*Assigned task*:
In the entries that follow, the lines from the line containing "når optimalt moment" up to and including the line containing "Учасниця від Чернівецького" must be copied exactly, with pictures omitted.

*Given data*:
= = =

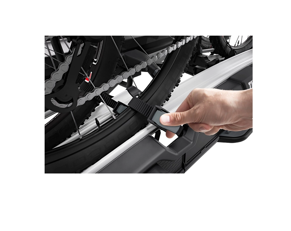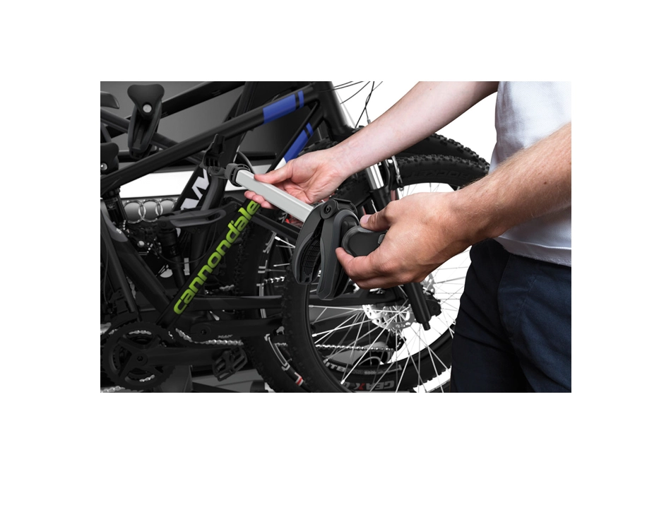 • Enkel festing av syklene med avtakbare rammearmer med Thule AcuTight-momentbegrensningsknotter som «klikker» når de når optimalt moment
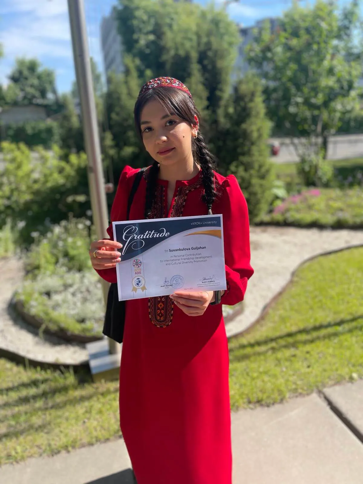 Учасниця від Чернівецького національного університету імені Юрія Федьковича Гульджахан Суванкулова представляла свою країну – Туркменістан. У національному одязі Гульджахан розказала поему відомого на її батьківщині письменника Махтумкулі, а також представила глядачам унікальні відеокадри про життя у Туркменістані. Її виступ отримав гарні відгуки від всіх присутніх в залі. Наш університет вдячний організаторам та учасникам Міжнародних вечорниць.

= = =

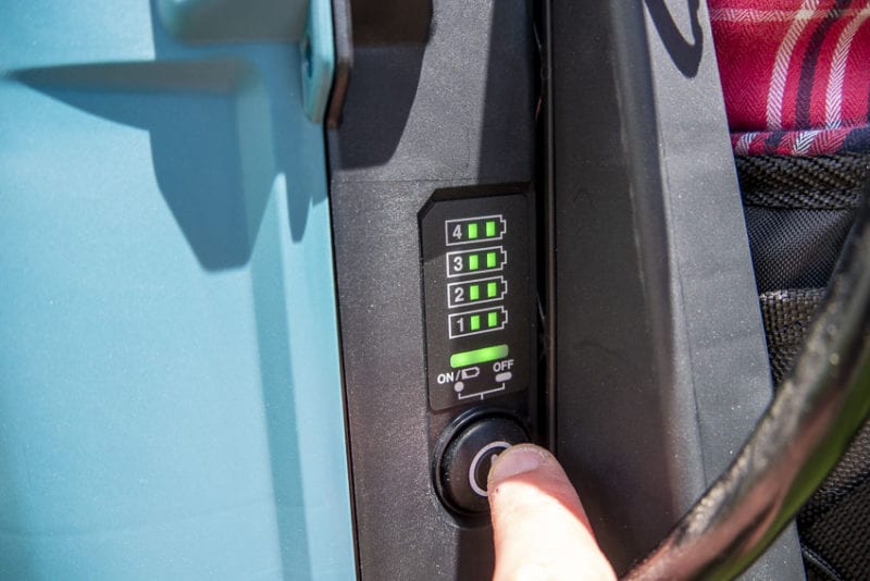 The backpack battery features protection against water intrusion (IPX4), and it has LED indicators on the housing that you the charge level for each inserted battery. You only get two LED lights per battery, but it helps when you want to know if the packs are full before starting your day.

= = =

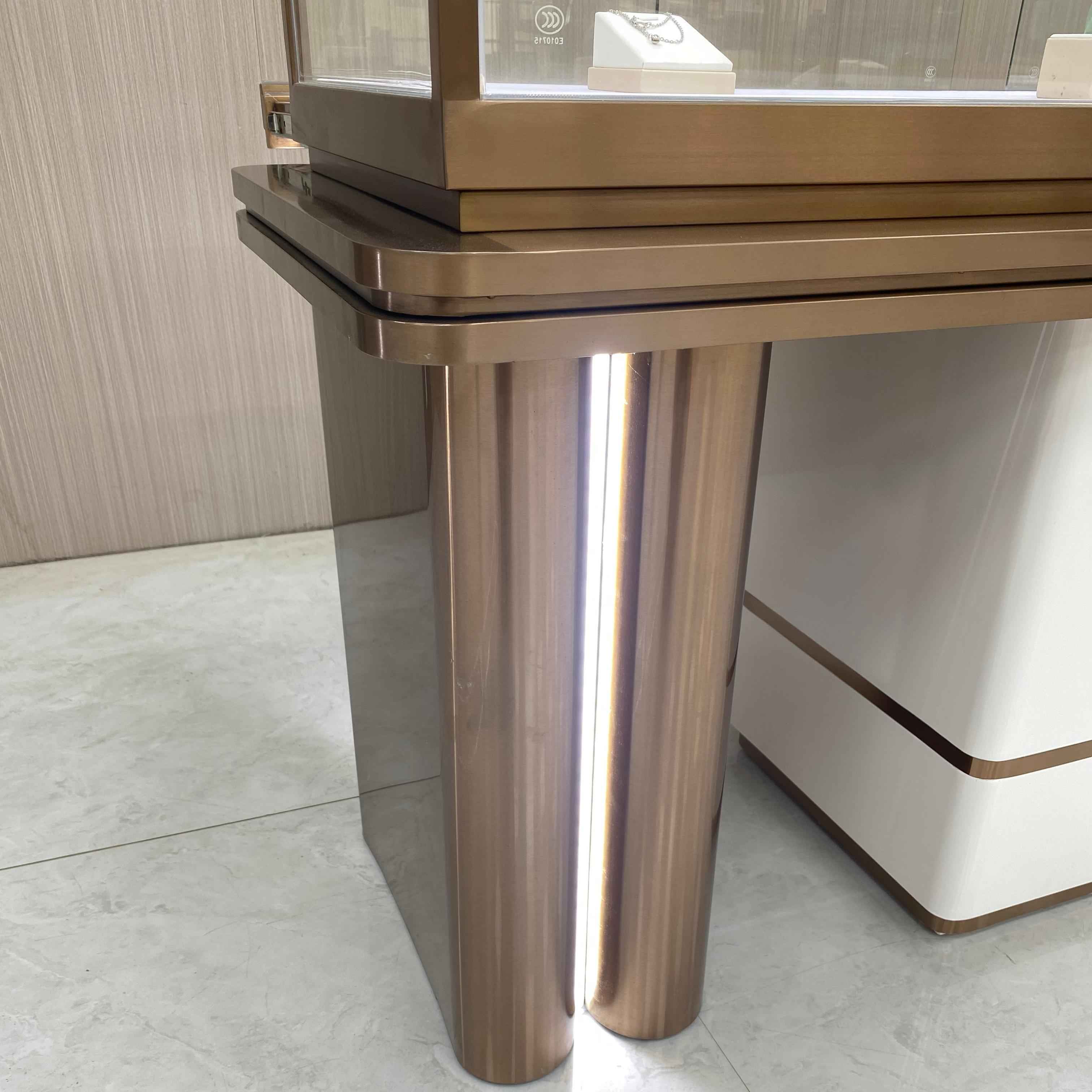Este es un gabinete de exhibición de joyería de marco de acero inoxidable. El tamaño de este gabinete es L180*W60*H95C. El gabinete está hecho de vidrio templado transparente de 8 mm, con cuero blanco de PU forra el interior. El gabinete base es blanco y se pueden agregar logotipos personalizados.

= = =

*Task solution*:
 • Enkel festing av syklene med avtakbare rammearmer med Thule AcuTight-momentbegrensningsknotter som «klikker» når de når optimalt moment
 Учасниця від Чернівецького національного університету імені Юрія Федьковича Гульджахан Суванкулова представляла свою країну – Туркменістан. У національному одязі Гульджахан розказала поему відомого на її батьківщині письменника Махтумкулі, а також представила глядачам унікальні відеокадри про життя у Туркменістані. Її виступ отримав гарні відгуки від всіх присутніх в залі. Наш університет вдячний організаторам та учасникам Міжнародних вечорниць.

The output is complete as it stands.